Notice: This research summary and analysis were automatically generated using AI technology. For absolute accuracy, please refer to the [Original Paper Viewer] below or the Original ArXiv Source.

Vision Transformers (ViTs) have demonstrated strong performance across a range of computer vision tasks by modeling long-range spatial interactions via self-attention. However, channel-wise mixing in ViTs remains static, relying on fixed multilayer perceptrons (MLPs) that lack adaptability to input content. We introduce ‘CAViT’, a dual-attention architecture that replaces the static MLP with a dynamic, attention-based mechanism for feature interaction. Each Transformer block in CAViT performs spatial self-attention followed by channel-wise self-attention, allowing the model to dynamically recalibrate feature representations based on global image context. This unified and content-aware token mixing strategy enhances representational expressiveness without increasing depth or complexity. We validate CAViT across five benchmark datasets spanning both natural and medical domains, where it outperforms the standard ViT baseline by up to +3.6% in accuracy, while reducing parameter count and FLOPs by over 30%. Qualitative attention maps reveal sharper and semantically meaningful activation patterns, validating the effectiveness of our attention-driven token mixing.

💡 Research Summary

Vision Transformers (ViTs) have become a cornerstone of modern computer‑vision research, yet their internal architecture exhibits a notable asymmetry: spatial token mixing is performed by dynamic multi‑head self‑attention (MHSA), while channel mixing relies on a static multilayer perceptron (MLP). The fixed MLP treats each channel independently of the image content, limiting the model’s ability to adapt to diverse visual structures such as textures, object parts, or medical lesions.

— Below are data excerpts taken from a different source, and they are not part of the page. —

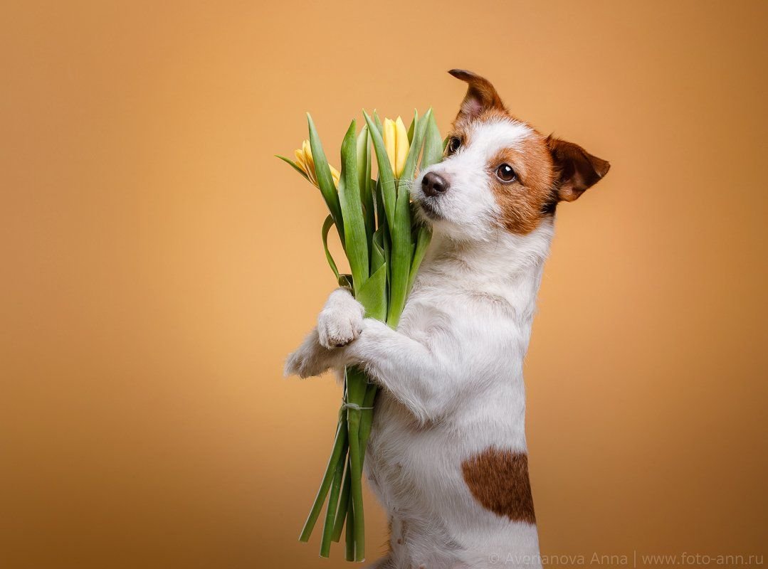 СкачатьСобака с цветами в зубах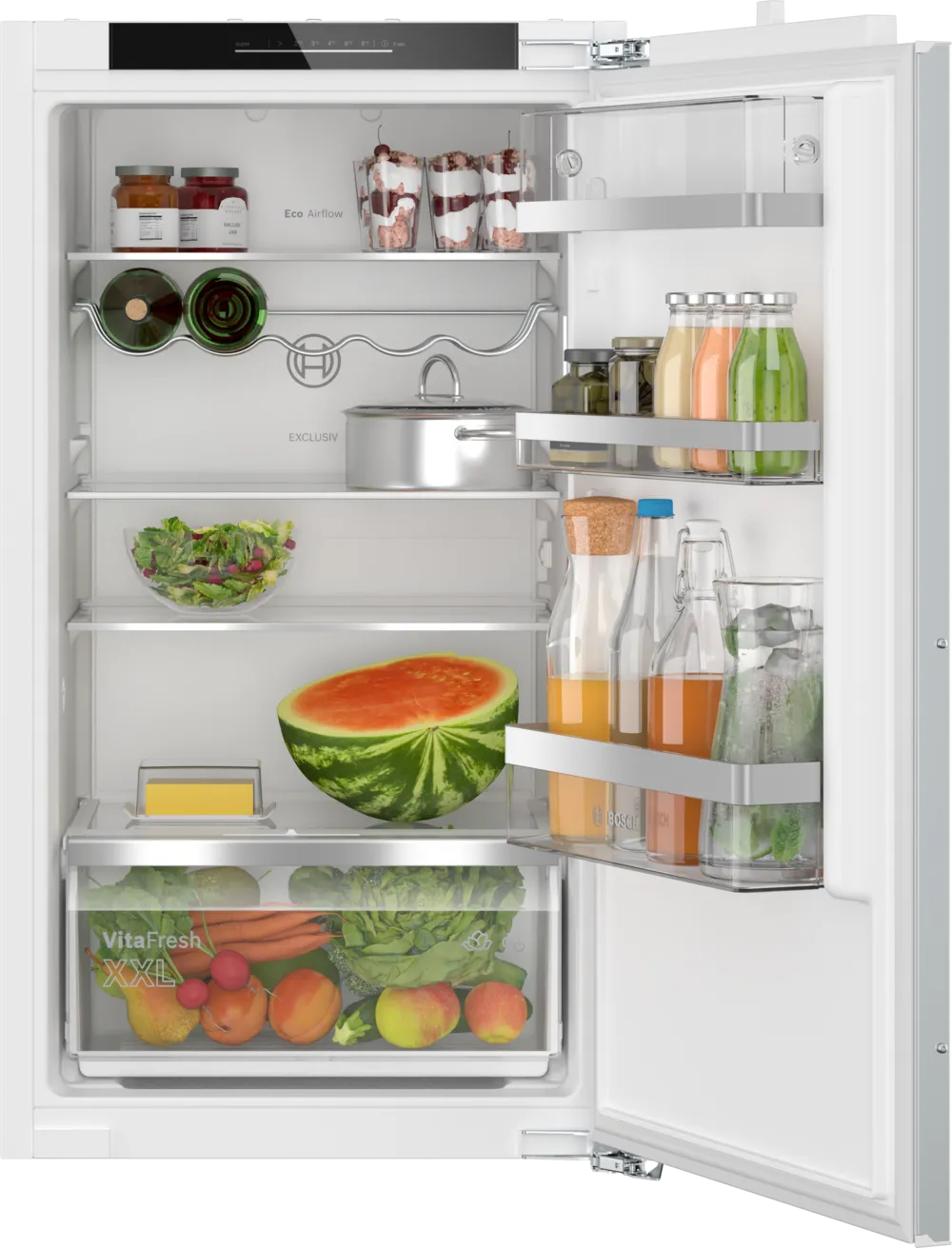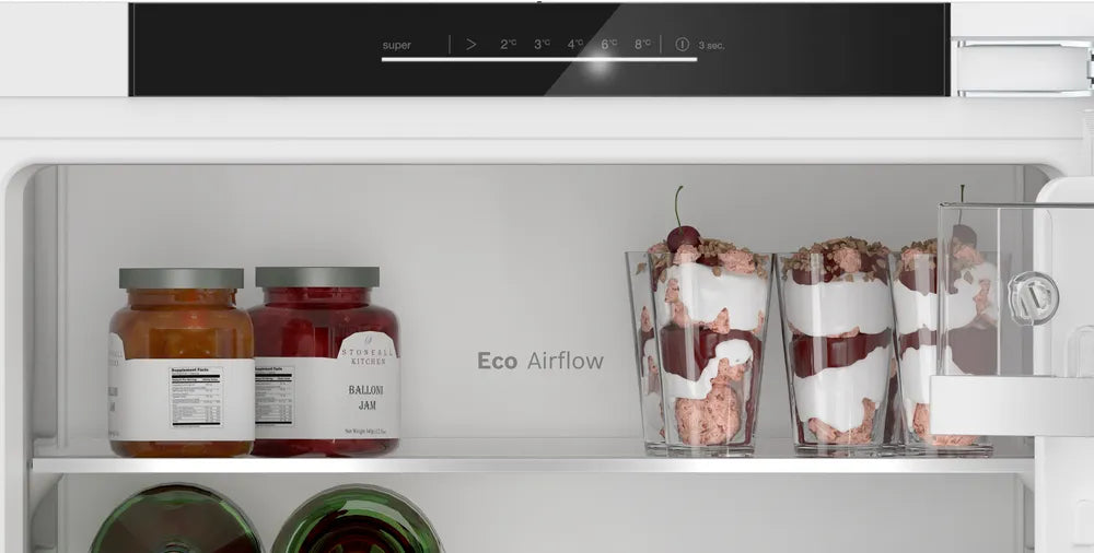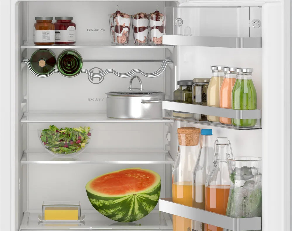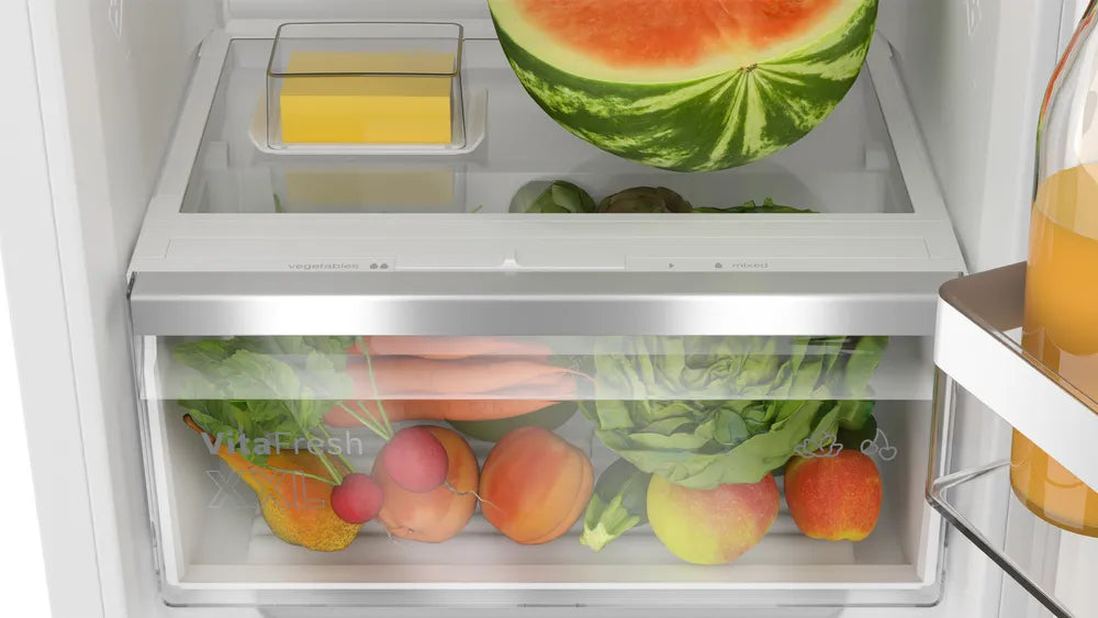 De Bosch KIR31EDD1 is een compacte inbouwkoelkast zonder vriesvak, ideaal voor kleinere keukens of als extra koelruimte. Met 165 liter inhoud, energieklasse D en een fluisterstil geluidsniveau van slechts 27 dB combineert hij efficiëntie met comfort. De VitaFresh-lade houdt groente en fruit langer vers, terwijl Eco Airflow zorgt voor een gelijkmatige temperatuur in de hele koelkast. Dankzij de SuperKoelen-functie worden verse producten snel op temperatuur gebracht zonder dat andere levensmiddelen opwarmen. De heldere LED-verlichting geeft perfect zicht, en de sterke veiligheidsglasplateaus bieden een stabiele opslag voor al je etenswaren.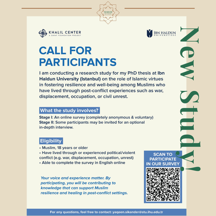 Calling all Muslim parents or primary caretakers of children ages 0-18 to take part in a 20-minute survey for a new study on Muslim parenting and how families approach raising children within an Islamic framework.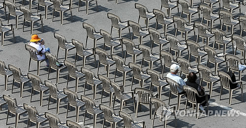 △ 지난해 경기도 파주시 임진각에서 열린 합동망향제에서 실향민들의 자리가 비어 있는 모습. (연합뉴스 자료사진)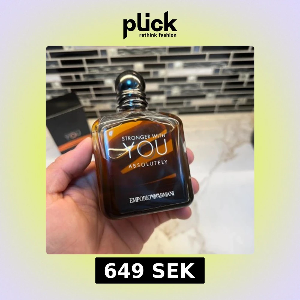 Emporio Armani Stronger With You Absolutely, 100ml. Ingredienser: Alcohol, Parfum/Fragrance, Aqua/Water, Butyl Methoxydibenzoylmethane, Coumarin, Linalool, Limonene, Alpha-Isomethyl Ionone, Eugenol, Citronellol, Benzyl Alcohol, Geraniol, Citral, CI 14700, CI 15510, CI 60730. Tillverkad i Frankrike.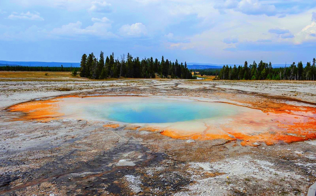 大棱镜,黄石公园里最有名的间歇泉之一,是美国最大的温泉,世界第三大温泉。因其多彩的颜色,而被命名为“大棱镜”,从里向外,分别呈现出蓝、绿、黄、橙、橘、红等不同颜色,被誉为“最美的地球表面”。大棱镜周围建有行人木栈道,一圈走下来,大概需要40分钟。我们第三天趁天气好,又重走了一次大棱镜。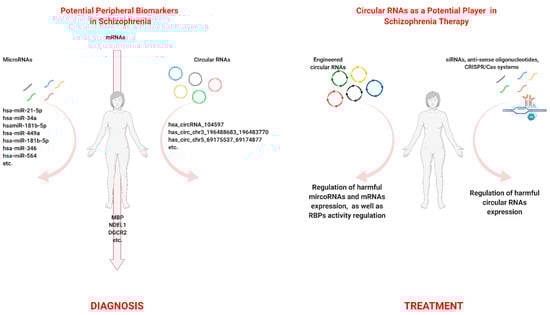 Recent studies have shown a significant impact of circRNAs on the origin and development of SZ, as well as an important role of circRNAs in other non-coding and protein-coding gene expression regulation [21]. Recently, Li and colleagues briefly reviewed circRNAs potential as diagnostic biomarkers for SZ and depression [22]. Here, we provide a more detailed review of the study results focused on the role of microRNAs (miRNAs), mRNAs, RNA binding proteins (RBPs) activity, and circRNA in SZ and discuss the potential implications of circRNAs as an important part of cell machinery, including new insights into the therapeutic potential of artificially engineered circular RNAs.

The paper introduces CAViT (Channel‑Aware Vision Transformer), a simple yet powerful modification that replaces the MLP in every Transformer block with a second self‑attention stage operating across the channel dimension. After the usual spatial MHSA, the tensor of shape B × (N + 1) × C (batch, tokens, channels) is split to isolate the CLS token, then the spatial tokens are transposed to B × C × N, effectively treating each channel as a token. The CLS token is reshaped to B × 1 × N and concatenated, yielding a sequence of length C + 1. A single‑head channel self‑attention (SHSA) is then applied, allowing each channel to attend to all other channels conditioned on the global image context. The dimensions are swapped back, the CLS token is re‑attached, and the result is fed into the next block.

Key design choices:

Dynamic channel mixing – By using attention rather than a linear MLP, channel interactions become data‑dependent and can adapt to each input image.
Single‑head attention – In the transposed space each channel already encodes global information, so a single head suffices and keeps FLOPs low.
CLS token handling – The CLS token participates in both spatial and channel attention, preserving its role as a global aggregator.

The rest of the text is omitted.